Couple of views from outside:







This is how the place looks now for reference:
















It was interesting to note that the power was still on and a little electric heater was still buzzing away on the wall in the entrance.











The amount of damage that had been done to the place was pretty remarkable....











Even the broken stuff had been broken!






There was so much broken glass that it was casting reflections on the celing:





























































Nice view!






Utter destruction:





















I still remember cardiffrail remarking on how the thing left intact was the skidmarks in one of the toilets!

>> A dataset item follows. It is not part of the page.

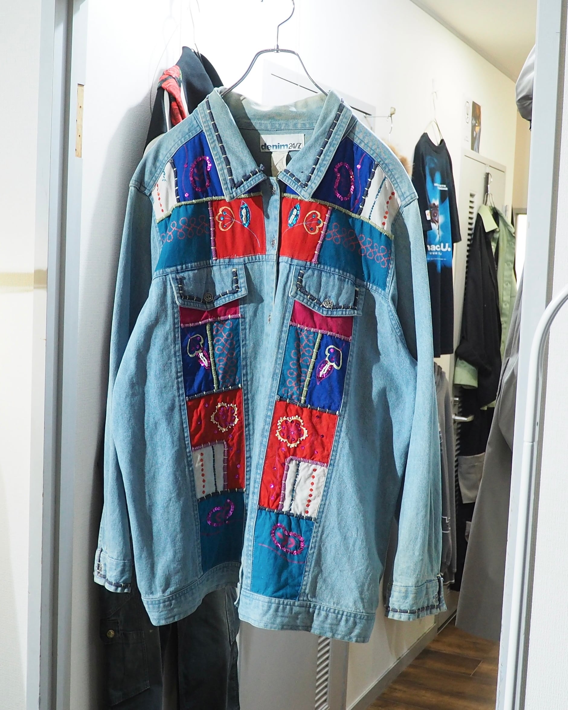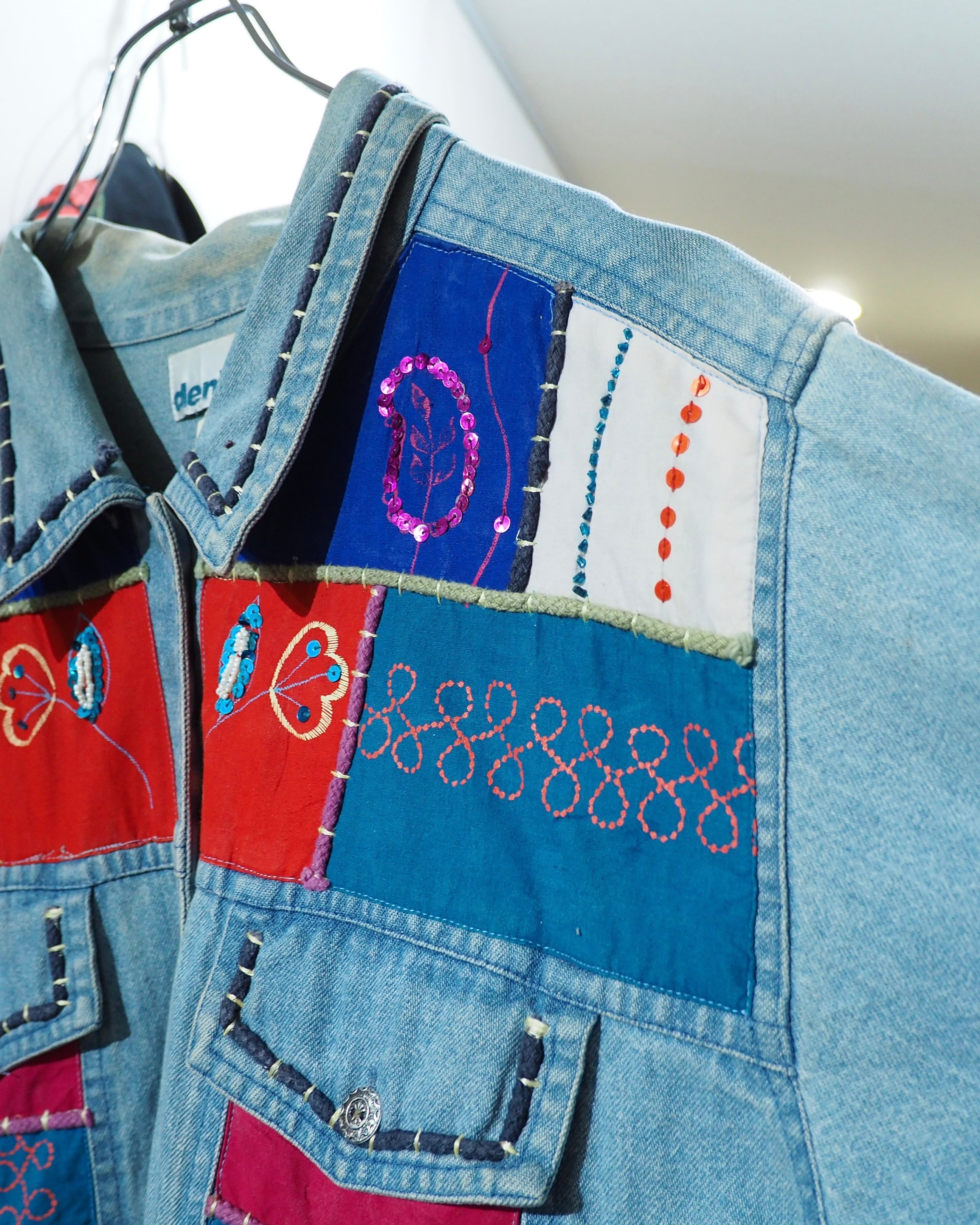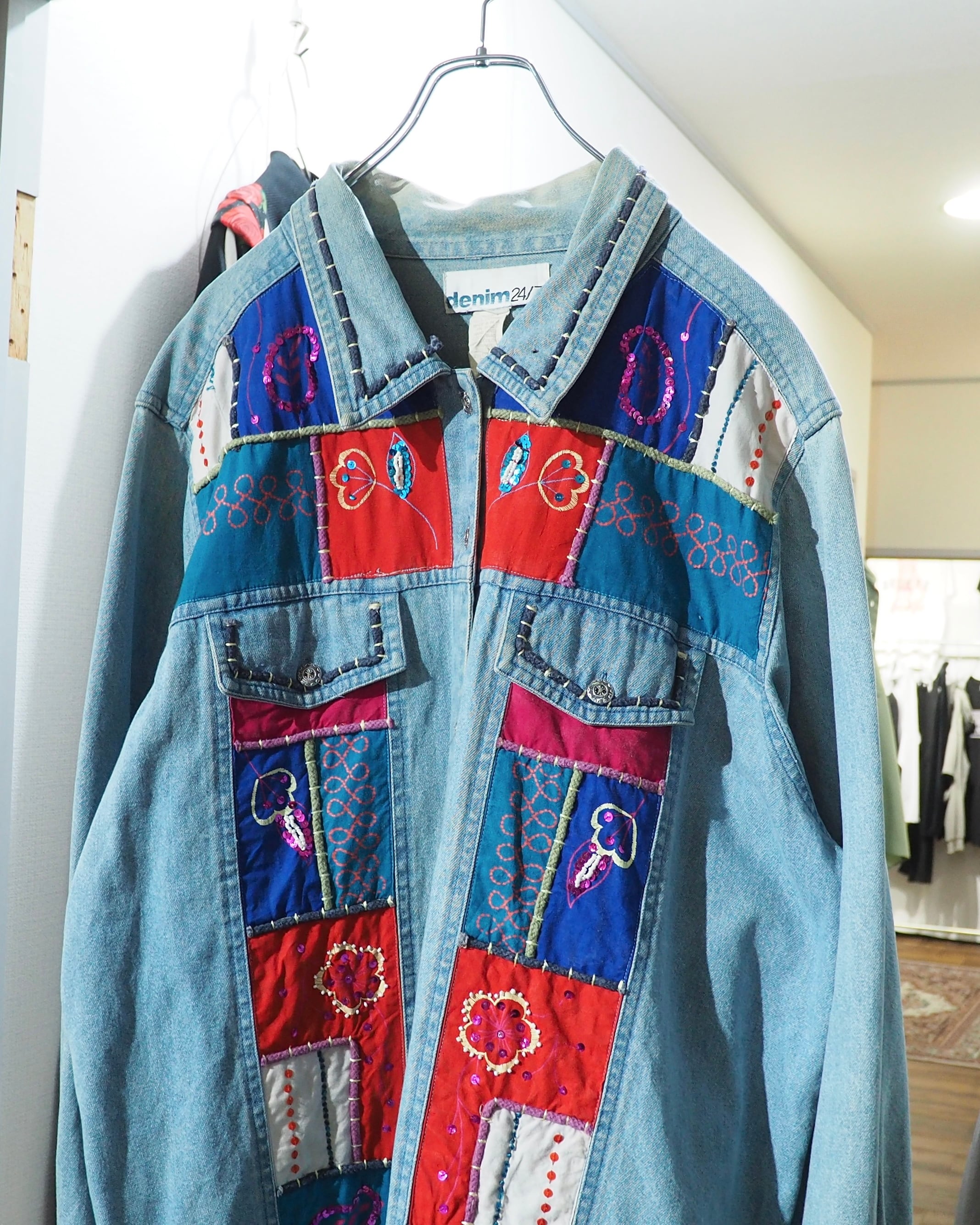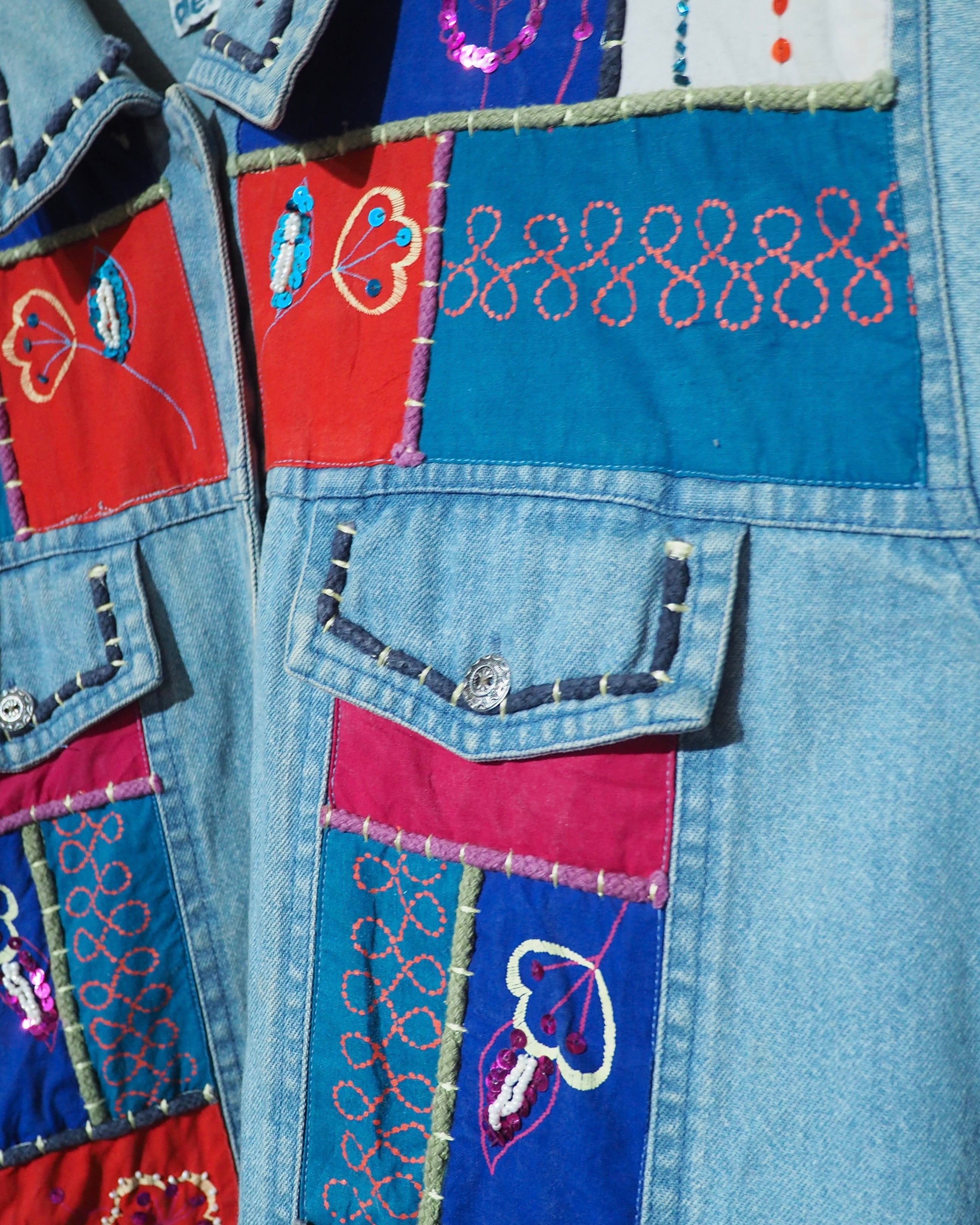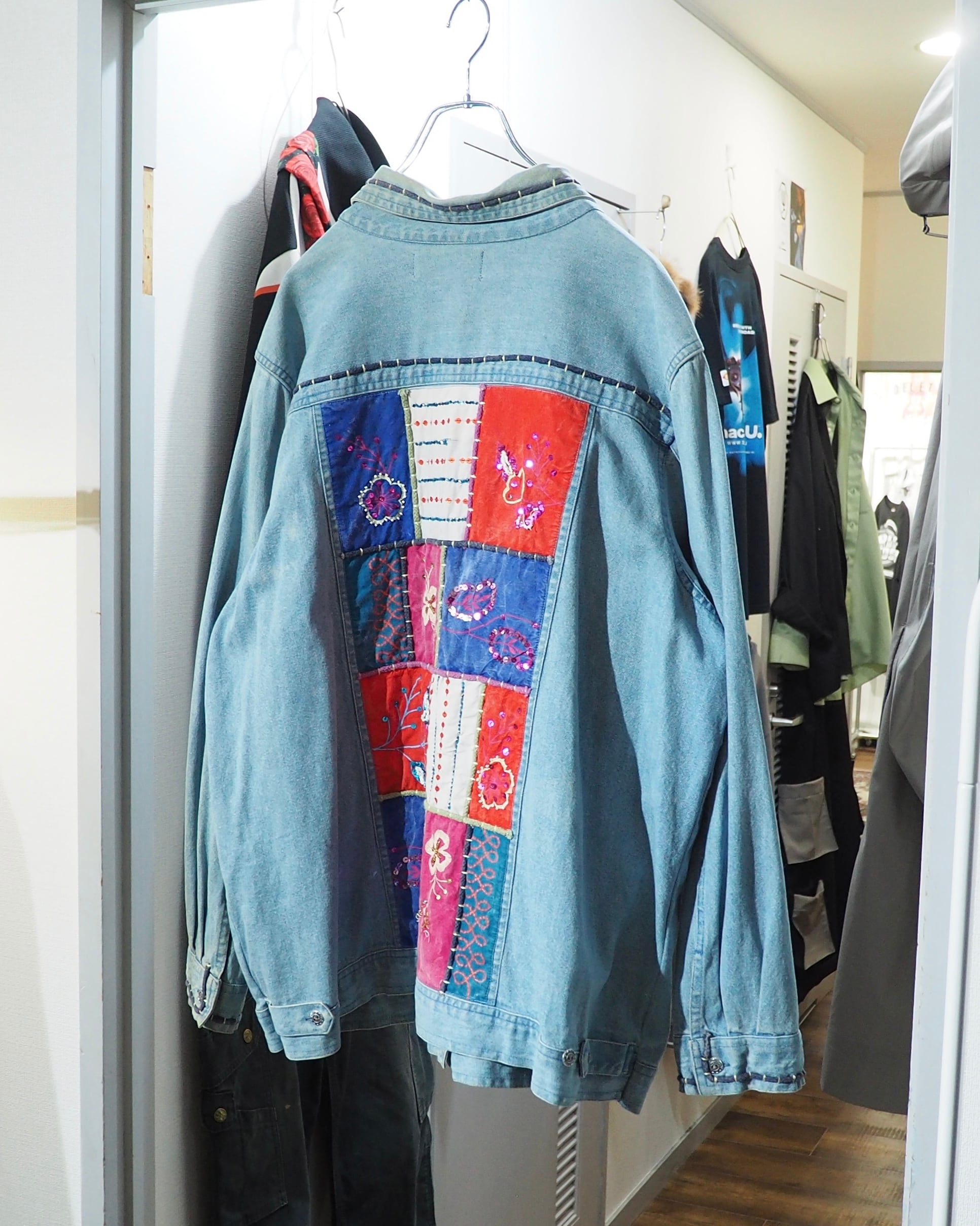 フェードによってやわらかく褪せたインディゴデニムに、色鮮やかなパッチワーク刺繍を贅沢に乗せたデニムジャケット。

Well that's it then, hope you enjoy!

More to come from my past explores soon.


----------



## Neosea (May 20, 2008)

Those new houses are 'orrible 

Thanks for the photo's


----------



## Maniac (May 20, 2008)

Blimy!! Total destruction or what! Was there actually a complete window in the place? Oh wait, yes I see one, it it's the one behind the board 

Thanks for posting them  

Maniac.


----------



## cogito (May 20, 2008)

Geez, that place was savaged!

Shame that councils deliberately let buildings get ruined by chavs so that they can get rid of them and sell to developers. Looked like a really nice building and all.


----------



## BarneySchwarzenegger (May 21, 2008)

Nice report, would love to have seen the place before it was vandalised. Bet it was awesome. You got some nice pics there thanks for sharing.


----------



## King Al (May 21, 2008)

Nice pics, like the blue radiator and the brown tiles. Shame it has gotten in to such a state (the new houses I mean)


----------



## cardiffrail (May 21, 2008)

Hi there mate, nice to see you on here!! You got your internet connection fixed properly?


----------



## fatdeeman (May 21, 2008)

cardiffrail said:


> Hi there mate, nice to see you on here!! You got your internet connection fixed properly?



After 6 months of BT digging up my street I finally got a connection!

Then a month later the landlord said we had to move out so we moved about 100 yards away lol

Probably the most expensive month of internet access I never paid for.


----------



## Foxylady (May 21, 2008)

What a totally delightful building. Really sad to see the utter destruction inside though, especially as it looks very like my own first school. 
Love those cute snail numbers.


----------